▸ Exercise: Instruction for the data below: set down exactly the lines from the line with "La actividad económica" to the line with "THM-BJ-00580a - Ferencz", inclusive, and no others.

▸ Extracted data:
━━━━━━
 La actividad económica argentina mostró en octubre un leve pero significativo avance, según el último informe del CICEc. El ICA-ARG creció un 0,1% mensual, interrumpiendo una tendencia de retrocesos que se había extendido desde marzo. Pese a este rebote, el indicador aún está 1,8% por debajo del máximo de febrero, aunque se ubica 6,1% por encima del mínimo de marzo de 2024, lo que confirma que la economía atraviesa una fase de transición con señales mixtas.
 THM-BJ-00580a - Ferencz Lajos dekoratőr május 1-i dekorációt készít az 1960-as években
━━━━━━
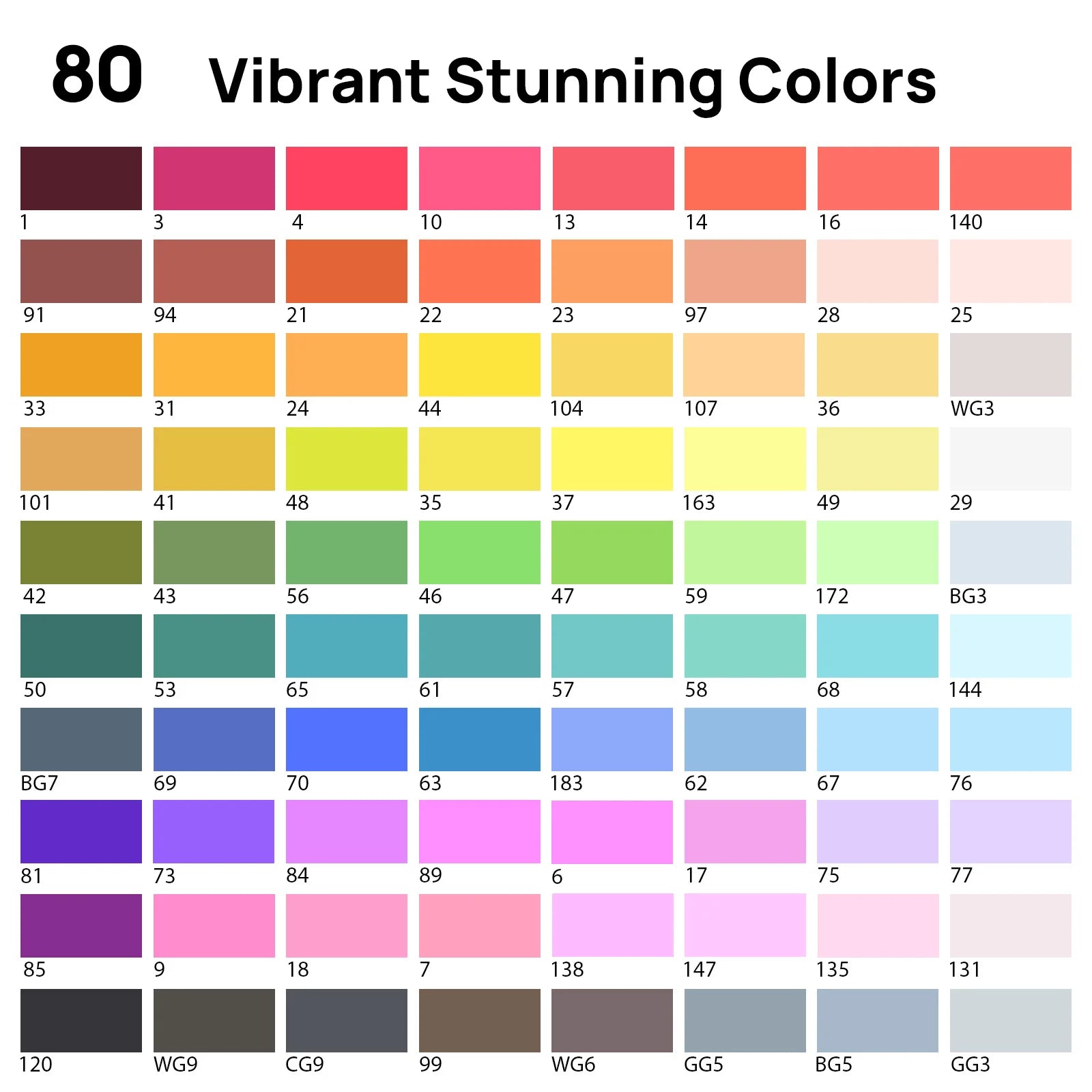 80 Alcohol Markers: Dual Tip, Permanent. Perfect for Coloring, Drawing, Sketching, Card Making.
━━━━━━
▸ Expected output:
 La actividad económica argentina mostró en octubre un leve pero significativo avance, según el último informe del CICEc. El ICA-ARG creció un 0,1% mensual, interrumpiendo una tendencia de retrocesos que se había extendido desde marzo. Pese a este rebote, el indicador aún está 1,8% por debajo del máximo de febrero, aunque se ubica 6,1% por encima del mínimo de marzo de 2024, lo que confirma que la economía atraviesa una fase de transición con señales mixtas.
 THM-BJ-00580a - Ferencz Lajos dekoratőr május 1-i dekorációt készít az 1960-as években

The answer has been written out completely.